As much as Jarah learned the details of my separation, I learned of his personal life. Namely, that he is married. As a result, I tried to merely delight in the intimate longings that he inspired; relieved they still existed. When on an extended research trip, though, I nearly crossed a line, sending him Duffy’s short poem “Bees,” where the speaker, in the closing lines, declares, “[. . .] know of us:/how your scent pervades/my shadowed, busy heart/and honey is art.” If he asked me about it, which thankfully he never did, I could always explain the poem literally: that the speaker was confiding to the bees how much she cared.

Despite the loss a beekeeper feels when a colony divides, swarms, in their own right, carry centuries of mystique and appeal that span countless cultures. Traditions as diverse as the Hindu and Mayan believe the sound of a mass of migrating bees carries power. The Hindu call it “bhramaram,” the hum of the bee, which drives away demons. Likewise, the Mayan believe the sound carries healing and protective properties that their Shaman mimic during ritual chants.

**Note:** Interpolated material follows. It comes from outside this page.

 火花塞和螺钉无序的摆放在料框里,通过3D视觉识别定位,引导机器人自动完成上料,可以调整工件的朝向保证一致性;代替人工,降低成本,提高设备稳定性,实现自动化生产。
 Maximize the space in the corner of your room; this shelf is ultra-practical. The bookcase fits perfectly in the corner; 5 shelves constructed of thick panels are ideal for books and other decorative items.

I attest an approaching swarm is a sight like no other and, because of its murmur, it is often heard before seen. Twice, long before becoming a beekeeper, I’ve walked down the same hillside only to hear the sudden dulcet tone in the breeze before witnessing the black pulsating cloud overhead. Once, as I watched a swarm beat by, my son was with me, then a boy, hardly able to know the full breadth of thousands of bees flying tightly together over our heads. Yet as we walked home, the sight lifted his steps, like mine, as it drifted toward the horizon.

In time, I embraced the ancient draw of a swarm. I refashioned my house and its surrounding property so that it would manifest my newfound strength. Near my apiary, my son and I screwed planks together for four oblong raised garden beds. We hauled and spread compost and topsoil in them and planted tomatoes, basil, spinach, and a host of aromatic herbs to use in my newly renovated kitchen. I also restored a set of stained glass windows that looked out to the bee yard. In the summer, when it is especially hot, the smell of honey breezes inside.

Ancient Egyptians would rub into wounds that struggled to heal a salve made of honey, beeswax, and fourteen different plants. Every civilization since then has touted honey for its healing properties. For me, every aspect of tending my bees: hive observation, inspection, maintenance, the harvest, writing about them, using their honey and giving it away, works as my curative tonic.

And on this July morning, as I check the health of my hives, I think that although science has advanced beekeeping so much in the last century, the unknown also seems to enshrine life in the apiary. Hearing the bees’ low susurrate as I open a cover, I wonder at the way the brood has repopulated itself since the swarm.

Although my marriage’s end certainly underscored a loss of faith, what is to say that my swarming bees did not chase away the dispirit that enveloped the house, their wings shifting the wind before heading to uncertainty? As I appraise the comb, the brood is tending the queen, feeding the young, and, as it does most days, synthesizing nectar into honey that I will spoon into tea, spread on toast, or use to treat what can be slow to heal.